Primers were designed using Primer3 [39] and purchased from MWG (Ebersberg, Germany). Primer design strategy was dependent on the type and size of the structural variant (Additional file 5). Three independent PCR reactions were carried out with Hotstar Taq obtained from Qiagen (Hilden, Germany). Reactions were performed as previously described [40]. LongRange PCR kit (Qiagen) was used for genomic regions > 2 kbp. PCR gel images were then assessed for quality of primer design and performance of PCR reaction. Representative PCR examples are given in Additional file 1. We provide interested readers with PCR results for each SV site (Additional file 7). Complex SV sites were subject to several rounds of primer design and PCR. PCR products were then purified in a 96-well Millipore purification plate, resuspended in 30 μl of H2O and sequenced as previously described [40]. All sequencing reactions were run out on an ABI3700 sequencer and assembled by using PHRED/PHRAP [41].

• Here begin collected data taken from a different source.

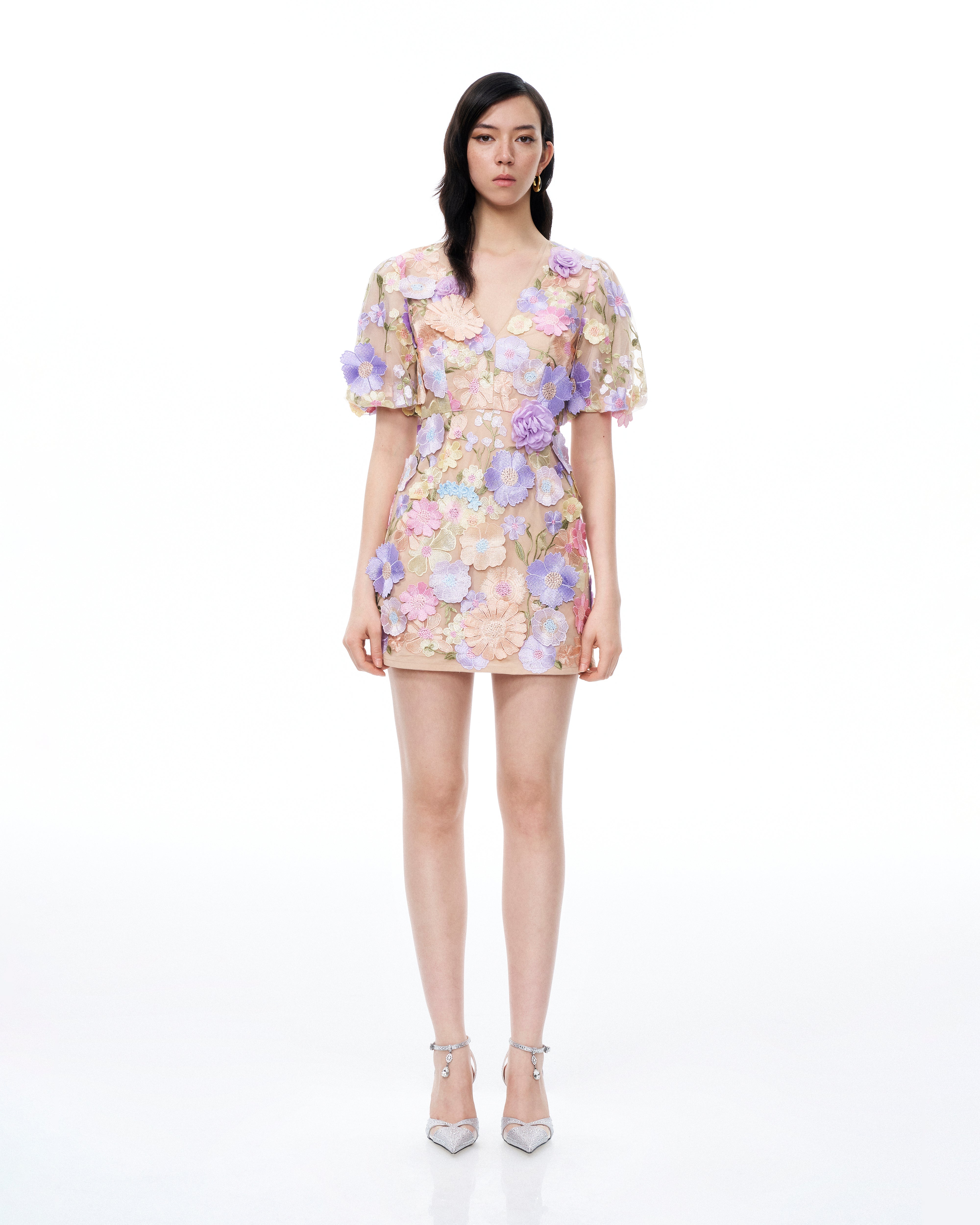 Evangeline 3D V-Neck Floral Embroidered Dress - Pastel Multi
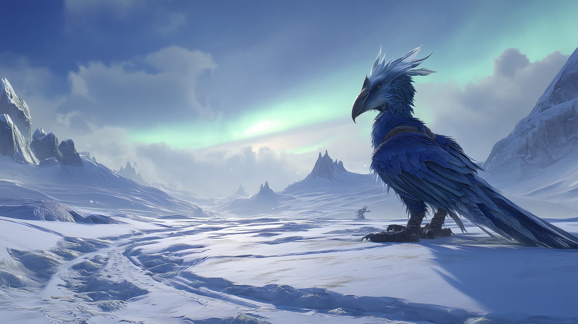 Sleetspur leads a loose-running string of axe beaks that haunt the windward flats where crusted snow carries their weight but not yours. They are opportunists and scavengers as much as hunters—shadowing mammoth herds, wolf packs, and caravans for dropped meat, then turning into stampeding lances when hunger bites. Raiders try to break them as mounts each winter; some succeed for a season before being outpaced, outkicked, or outsmarted. To tundra folk, Sleetspur is a weather sign: when her string runs early, the crust will hold; when she lingers near drifts, storms are coming.
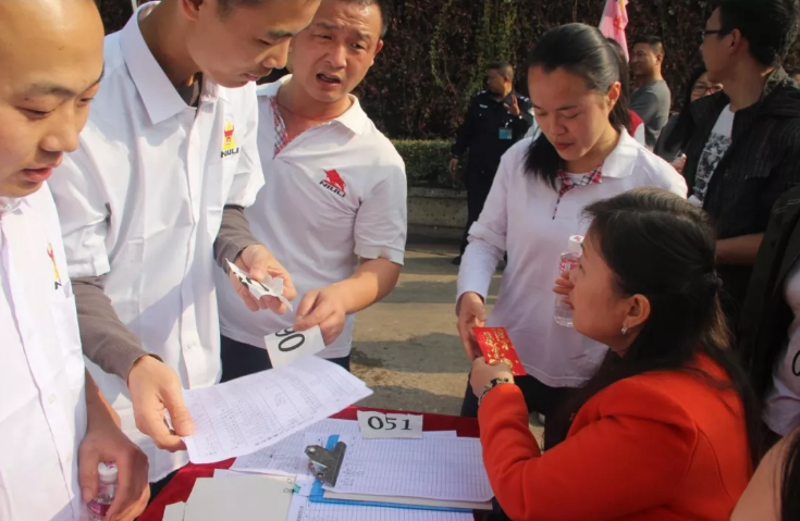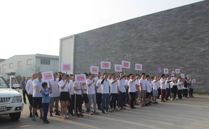 Ready to start ~, the employees of the company, dressed in neat white T-shirts, form a neat and uniform square array, run forward with high heads, and rush to the journey of "Brocade dog" with firm and heroic steps.
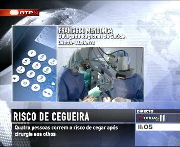 Quatro pessoas correm o risco de cegar depois de terem sido operadas numa clínica privada holandesa, no Algarve. Estão internados no Hospital dos Capuchos, em Lisboa, com prognóstico reservado já que têm uma infecção grave nos olhos que pode provocar a cegueira. O caso já está a ser investigado pela Inspecção-Geral da Saúde, mas já se sabe que a clínica em causa estava a funcionar sem licença.
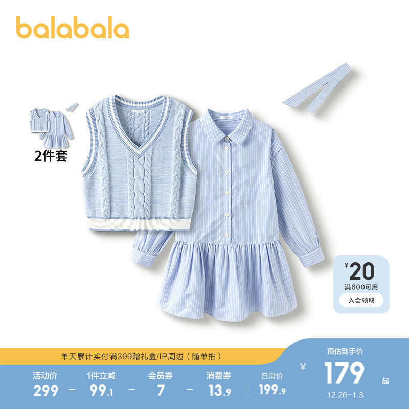 巴拉巴拉童装 两件套裙子甜马甲连衣裙 女童连衣裙儿童2025春秋新款
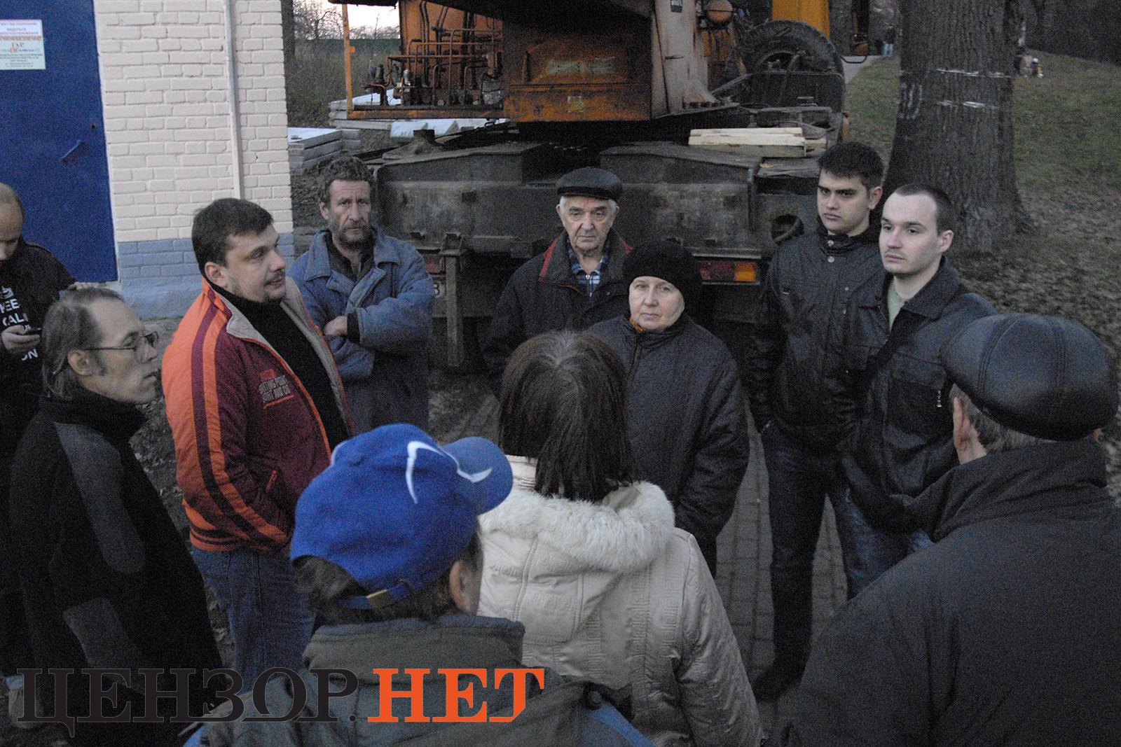 Прокуратура потребовала остановить работы, однако при этом демонтировать забор рейдеры нужным не посчитали. Жители решили заблокировать кран-машину своим личным транспортом, после чего принялись вызывать наряды милиции.

Assembly of Sanger-based sequencing data

Consed was used for visualization and editing of the assembly [42]. Strains with and without the SV were aligned into one contig. Breakpoint analysis was mostly based on visual inspection of the alignment and BLAT search. The first breakpoint was identified when the strains with and without the SV stopped aligning and the second breakpoint when they started aligning again. Micro-insertion at the breakpoint was defined as any additional sequence relative to the reference genome (MGSCv37) in the strains with a deletion variant. Micro-deletion at the breakpoint was defined as any missing sequence relative to the reference genome (MGSCv37) in the strains with insertion variant. We also recorded the longest stretch of sequence identity at both breakpoints, which we defined as sequence micro-homology. When micro-homology occurred, we recorded the SV so that start and end coordinates were the smallest. For blunt ended SV, one set of start and end coordinates was recorded. BLAT was used to get the exact start and end coordinates of the SV.

Genome-wide detection of structural variants

Genome-wide structural variants were detected using four methods: split-read mapping (Pindel) [20], mate-pair analysis (BreakDancer) [18], single-end cluster analysis (SECluster and RetroSeq, unpublished), and read-depth (CND) [21]. Details of the complete pipeline, SVMerge, is described elsewhere [43]. We used in-house Perl scripts to detect genome-wide complex structural variants [32].

Data

Data sets described in this study are available under study accession number 'estd185' from the Database of Genomic Variants Archive (DGVa) [44]. Our previous genome-wide data of structural variants [32] are also available from DGVa under accession number 'estd118'.